:: TO DO ::
Go through the data and copy each line where the string "modern" appears.
INPUT RECORDS below:
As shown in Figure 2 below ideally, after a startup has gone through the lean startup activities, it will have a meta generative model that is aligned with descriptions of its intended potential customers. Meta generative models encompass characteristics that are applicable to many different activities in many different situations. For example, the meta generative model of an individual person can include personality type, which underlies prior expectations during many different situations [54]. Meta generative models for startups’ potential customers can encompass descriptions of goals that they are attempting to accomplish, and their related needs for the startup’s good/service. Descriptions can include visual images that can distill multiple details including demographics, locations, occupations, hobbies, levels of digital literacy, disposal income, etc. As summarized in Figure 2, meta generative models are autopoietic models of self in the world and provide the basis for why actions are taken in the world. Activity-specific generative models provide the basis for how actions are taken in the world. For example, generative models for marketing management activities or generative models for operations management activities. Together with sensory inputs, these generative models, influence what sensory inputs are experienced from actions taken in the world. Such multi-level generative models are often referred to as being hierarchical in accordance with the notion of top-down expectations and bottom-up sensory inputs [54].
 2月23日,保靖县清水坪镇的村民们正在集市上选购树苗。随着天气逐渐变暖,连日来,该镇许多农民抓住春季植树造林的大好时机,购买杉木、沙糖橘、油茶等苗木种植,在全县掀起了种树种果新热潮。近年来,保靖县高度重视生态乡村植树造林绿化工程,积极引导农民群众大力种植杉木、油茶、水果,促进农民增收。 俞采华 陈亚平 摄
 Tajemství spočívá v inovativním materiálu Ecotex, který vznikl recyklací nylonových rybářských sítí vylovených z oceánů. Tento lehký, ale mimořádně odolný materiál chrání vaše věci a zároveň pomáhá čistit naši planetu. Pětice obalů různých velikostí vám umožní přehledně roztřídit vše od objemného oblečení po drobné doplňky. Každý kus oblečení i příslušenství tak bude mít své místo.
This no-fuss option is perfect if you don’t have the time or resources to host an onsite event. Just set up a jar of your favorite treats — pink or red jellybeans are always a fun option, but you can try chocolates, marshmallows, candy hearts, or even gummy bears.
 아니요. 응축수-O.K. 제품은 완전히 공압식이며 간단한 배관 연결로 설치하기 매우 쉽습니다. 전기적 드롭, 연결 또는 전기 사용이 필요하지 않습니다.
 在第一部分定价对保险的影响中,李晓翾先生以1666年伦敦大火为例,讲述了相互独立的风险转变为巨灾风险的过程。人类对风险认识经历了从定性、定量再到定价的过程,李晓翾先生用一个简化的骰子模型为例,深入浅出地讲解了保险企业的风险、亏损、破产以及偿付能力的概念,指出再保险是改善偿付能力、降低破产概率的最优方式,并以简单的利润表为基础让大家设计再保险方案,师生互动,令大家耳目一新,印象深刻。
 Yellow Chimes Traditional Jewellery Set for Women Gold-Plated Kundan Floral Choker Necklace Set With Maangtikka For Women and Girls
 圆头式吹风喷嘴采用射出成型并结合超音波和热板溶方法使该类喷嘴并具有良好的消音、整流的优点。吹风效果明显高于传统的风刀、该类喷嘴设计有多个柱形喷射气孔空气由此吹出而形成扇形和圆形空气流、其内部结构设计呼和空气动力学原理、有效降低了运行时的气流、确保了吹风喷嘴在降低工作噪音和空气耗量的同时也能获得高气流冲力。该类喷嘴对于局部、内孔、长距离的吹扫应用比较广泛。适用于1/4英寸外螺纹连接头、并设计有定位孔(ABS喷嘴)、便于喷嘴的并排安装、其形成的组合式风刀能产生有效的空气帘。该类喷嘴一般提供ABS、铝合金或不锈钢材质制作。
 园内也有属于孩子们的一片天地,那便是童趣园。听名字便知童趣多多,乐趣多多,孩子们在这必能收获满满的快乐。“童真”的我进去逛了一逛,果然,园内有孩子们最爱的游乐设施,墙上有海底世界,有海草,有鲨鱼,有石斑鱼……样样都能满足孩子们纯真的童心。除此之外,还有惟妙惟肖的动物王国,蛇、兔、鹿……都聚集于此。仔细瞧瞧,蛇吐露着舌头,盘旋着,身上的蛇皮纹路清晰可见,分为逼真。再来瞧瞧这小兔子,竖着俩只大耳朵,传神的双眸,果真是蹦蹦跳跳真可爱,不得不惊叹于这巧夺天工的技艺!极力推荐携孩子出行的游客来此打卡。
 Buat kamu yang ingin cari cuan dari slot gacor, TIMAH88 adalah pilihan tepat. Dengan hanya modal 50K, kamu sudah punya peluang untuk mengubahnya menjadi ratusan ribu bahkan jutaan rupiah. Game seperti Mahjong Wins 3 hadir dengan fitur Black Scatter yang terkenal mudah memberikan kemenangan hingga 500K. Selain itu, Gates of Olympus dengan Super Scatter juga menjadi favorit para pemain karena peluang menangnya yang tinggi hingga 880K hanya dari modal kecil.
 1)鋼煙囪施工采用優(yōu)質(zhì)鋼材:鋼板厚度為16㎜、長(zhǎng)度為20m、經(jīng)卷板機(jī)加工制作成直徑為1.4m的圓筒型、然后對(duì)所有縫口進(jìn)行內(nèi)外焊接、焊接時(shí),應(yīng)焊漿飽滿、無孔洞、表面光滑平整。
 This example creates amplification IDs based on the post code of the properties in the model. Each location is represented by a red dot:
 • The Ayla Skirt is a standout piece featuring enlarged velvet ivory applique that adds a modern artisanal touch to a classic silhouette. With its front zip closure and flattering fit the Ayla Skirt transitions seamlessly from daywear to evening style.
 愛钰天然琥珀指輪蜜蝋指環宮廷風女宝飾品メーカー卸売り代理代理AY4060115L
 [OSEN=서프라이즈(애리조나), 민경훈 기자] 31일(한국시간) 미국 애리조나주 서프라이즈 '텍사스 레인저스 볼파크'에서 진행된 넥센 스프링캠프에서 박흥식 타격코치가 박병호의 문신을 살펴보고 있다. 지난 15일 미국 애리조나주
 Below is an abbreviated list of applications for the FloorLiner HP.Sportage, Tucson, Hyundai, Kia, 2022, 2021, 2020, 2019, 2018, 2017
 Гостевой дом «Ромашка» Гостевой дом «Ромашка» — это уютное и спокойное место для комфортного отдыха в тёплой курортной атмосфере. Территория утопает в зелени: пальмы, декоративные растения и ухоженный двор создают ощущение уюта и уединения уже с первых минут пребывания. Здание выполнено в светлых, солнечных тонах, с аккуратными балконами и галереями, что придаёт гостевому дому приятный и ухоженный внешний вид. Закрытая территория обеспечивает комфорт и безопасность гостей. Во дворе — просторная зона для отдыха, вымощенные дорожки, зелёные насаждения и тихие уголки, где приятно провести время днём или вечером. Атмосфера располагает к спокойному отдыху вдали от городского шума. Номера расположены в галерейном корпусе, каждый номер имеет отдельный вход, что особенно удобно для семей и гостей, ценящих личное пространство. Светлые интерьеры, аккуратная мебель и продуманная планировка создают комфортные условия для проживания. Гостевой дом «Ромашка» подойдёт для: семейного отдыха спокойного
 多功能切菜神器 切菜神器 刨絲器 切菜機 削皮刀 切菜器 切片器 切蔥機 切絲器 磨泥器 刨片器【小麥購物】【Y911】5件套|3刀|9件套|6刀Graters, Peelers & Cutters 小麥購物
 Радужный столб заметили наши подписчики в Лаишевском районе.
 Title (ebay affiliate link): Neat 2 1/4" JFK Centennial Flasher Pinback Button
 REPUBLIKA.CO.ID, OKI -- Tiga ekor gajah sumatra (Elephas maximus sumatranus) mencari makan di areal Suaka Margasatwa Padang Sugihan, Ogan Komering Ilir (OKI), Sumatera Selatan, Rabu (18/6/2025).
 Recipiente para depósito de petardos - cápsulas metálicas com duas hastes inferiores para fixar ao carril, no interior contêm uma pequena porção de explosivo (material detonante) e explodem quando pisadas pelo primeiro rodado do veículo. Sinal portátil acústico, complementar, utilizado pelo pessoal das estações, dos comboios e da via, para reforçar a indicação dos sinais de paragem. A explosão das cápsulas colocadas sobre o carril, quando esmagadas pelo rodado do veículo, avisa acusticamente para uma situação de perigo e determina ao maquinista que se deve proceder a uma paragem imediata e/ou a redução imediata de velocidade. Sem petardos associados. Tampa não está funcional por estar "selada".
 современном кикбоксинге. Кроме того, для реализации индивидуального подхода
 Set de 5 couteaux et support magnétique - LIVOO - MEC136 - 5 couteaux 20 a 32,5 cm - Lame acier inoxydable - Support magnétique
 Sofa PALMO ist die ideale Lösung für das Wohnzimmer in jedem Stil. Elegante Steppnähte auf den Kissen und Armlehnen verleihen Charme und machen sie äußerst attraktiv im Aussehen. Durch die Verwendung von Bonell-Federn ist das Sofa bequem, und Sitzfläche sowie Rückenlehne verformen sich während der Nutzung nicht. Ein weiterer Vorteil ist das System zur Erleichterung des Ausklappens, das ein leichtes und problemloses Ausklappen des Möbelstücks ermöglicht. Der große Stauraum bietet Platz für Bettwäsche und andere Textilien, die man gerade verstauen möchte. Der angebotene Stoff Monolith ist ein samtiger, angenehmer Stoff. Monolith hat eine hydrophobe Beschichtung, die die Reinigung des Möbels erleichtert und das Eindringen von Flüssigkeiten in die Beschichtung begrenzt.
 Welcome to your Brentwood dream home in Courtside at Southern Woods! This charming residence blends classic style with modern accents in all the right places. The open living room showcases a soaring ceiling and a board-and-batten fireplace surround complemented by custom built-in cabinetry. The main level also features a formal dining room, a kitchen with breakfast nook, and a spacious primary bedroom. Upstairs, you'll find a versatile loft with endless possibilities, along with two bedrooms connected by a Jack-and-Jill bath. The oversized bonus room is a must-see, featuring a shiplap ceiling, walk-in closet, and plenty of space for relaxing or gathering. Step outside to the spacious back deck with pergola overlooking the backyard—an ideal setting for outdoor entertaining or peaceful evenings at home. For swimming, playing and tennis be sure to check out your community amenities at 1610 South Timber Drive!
End of INPUT RECORDS.
:: FINISHED EXERCISE ::
 • The Ayla Skirt is a standout piece featuring enlarged velvet ivory applique that adds a modern artisanal touch to a classic silhouette. With its front zip closure and flattering fit the Ayla Skirt transitions seamlessly from daywear to evening style.
 Welcome to your Brentwood dream home in Courtside at Southern Woods! This charming residence blends classic style with modern accents in all the right places. The open living room showcases a soaring ceiling and a board-and-batten fireplace surround complemented by custom built-in cabinetry. The main level also features a formal dining room, a kitchen with breakfast nook, and a spacious primary bedroom. Upstairs, you'll find a versatile loft with endless possibilities, along with two bedrooms connected by a Jack-and-Jill bath. The oversized bonus room is a must-see, featuring a shiplap ceiling, walk-in closet, and plenty of space for relaxing or gathering. Step outside to the spacious back deck with pergola overlooking the backyard—an ideal setting for outdoor entertaining or peaceful evenings at home. For swimming, playing and tennis be sure to check out your community amenities at 1610 South Timber Drive!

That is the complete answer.